Mahavir Jayanti 2023: Delicious traditional dishes to make on this day

Apr 03, 2023 03:24 PM IST

Try these traditional delicious dishes on Mahavir Jayanti and savor the authentic flavors of Jain cuisine.

Mahavir Jayanti 2023: Get ready for a festive celebration as the Jain community honours their spiritual leader on Mahavir Jayanti. This special day marks the birth anniversary of Lord Mahavir, the last and 24th Tirthankara and the revered teacher whose teachings of non-violence, compassion, and self-discipline continue to inspire people around the world. This day is considered to be one of the most auspicious days in the Jain calendar, and Jains around the world observe it with great enthusiasm and reverence. Mahavir Jayanti is not just a day of spiritual significance for the Jain community but also a day of culinary delight, with traditional dishes being an important part of the celebrations.
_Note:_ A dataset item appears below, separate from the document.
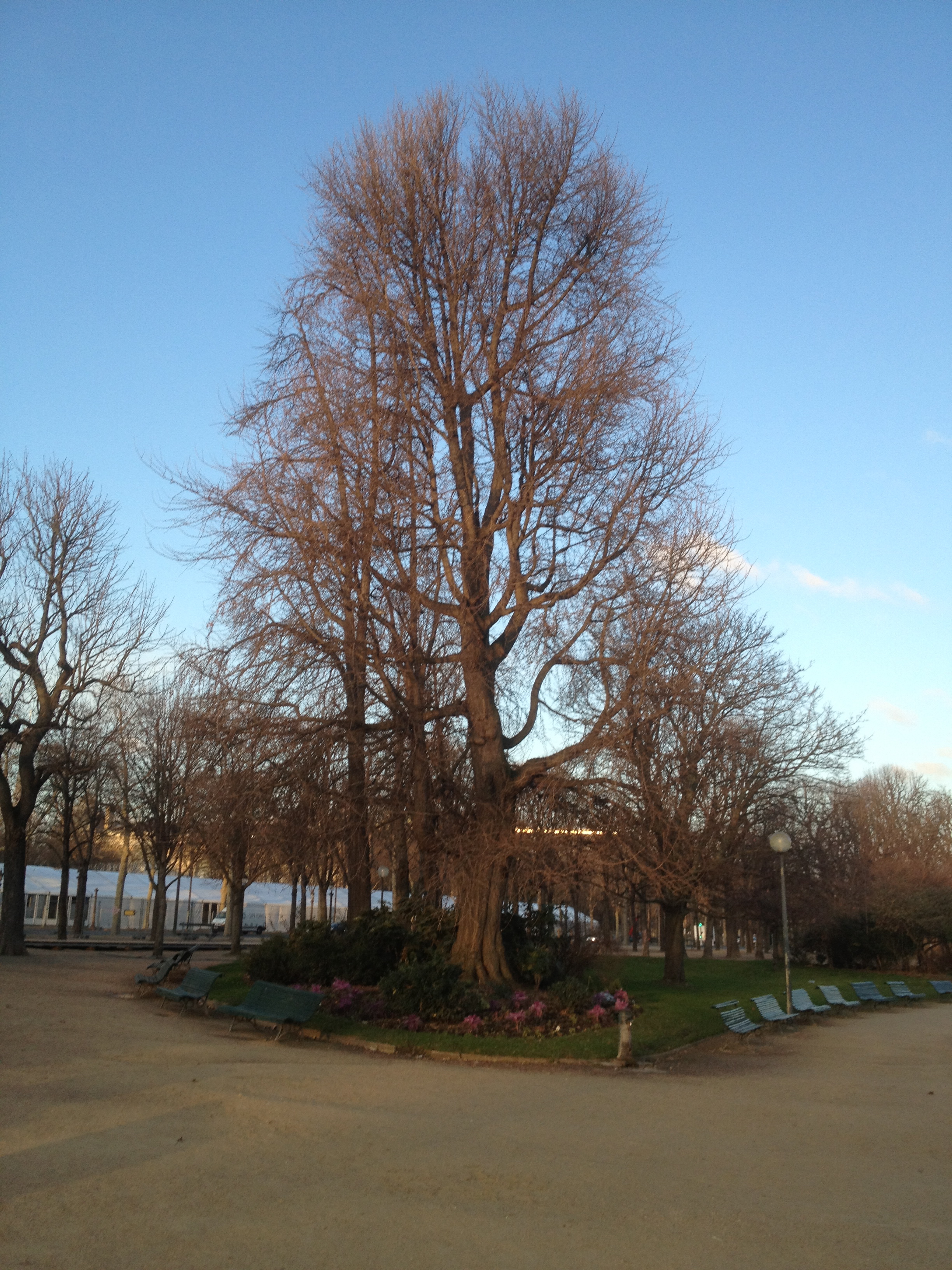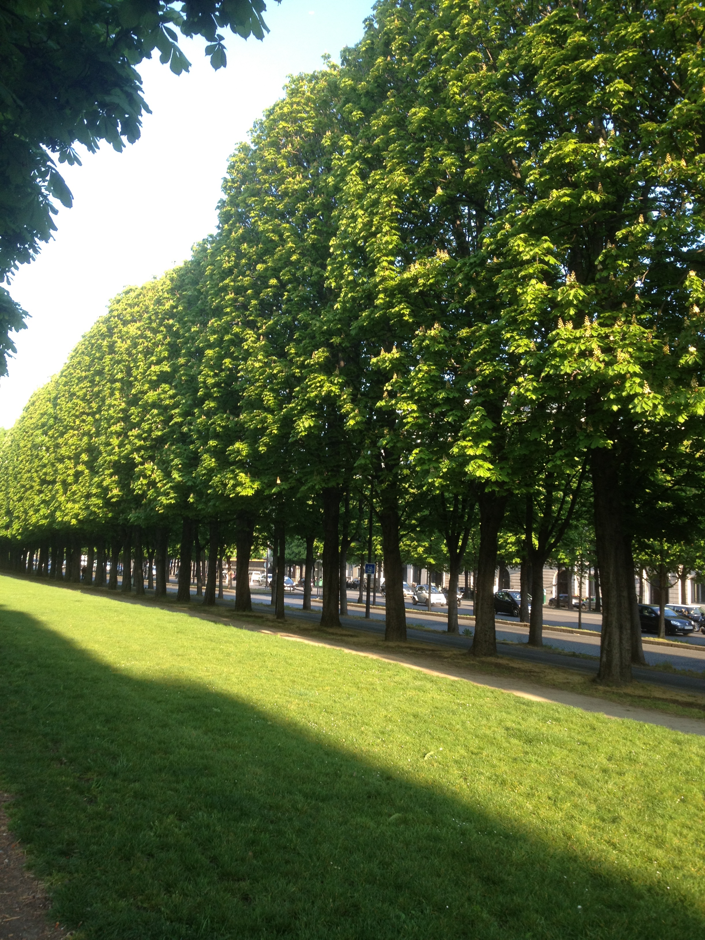 Although we have had to bring the wool coats and scarves back out of the closet (ugh), the visual transformation of Paris from winter to spring is almost complete. I have to say that I really loved Paris in the winter. Most of the trees here are deciduous, and the winter light changes the city dramatically. I also loved the stark lines of the naked trees against the sky. It was lovely. However, now that the green canopy over the city has returned, I find that I love it in a whole new way. Rarely do I find myself on a street that is not almost completely shaded by new, bright green leaves. And why do I hate topiaries and unnaturally pruned shrubbery in Houston, but find the square French trees perfectly acceptable, if not darn right charming? It’s shear madness, I tell you! (get it?)

This special day is a time for families and friends to come together and indulge in some mouth-watering delicacies that are unique to the Jain cuisine. (Pinterest)
This special day is a time for families and friends to come together and indulge in some mouth-watering delicacies that are unique to the Jain cuisine. (Pinterest)

This special day is a time for families and friends to come together and indulge in some mouth-watering delicacies that are unique to the Jain cuisine. Let's explore some of the delicious traditional dishes that you can make on this day to make the celebrations even more special. (Also read: Mahavir Jayanti 2023: Know shubh muhurat, rituals and puja vidhi )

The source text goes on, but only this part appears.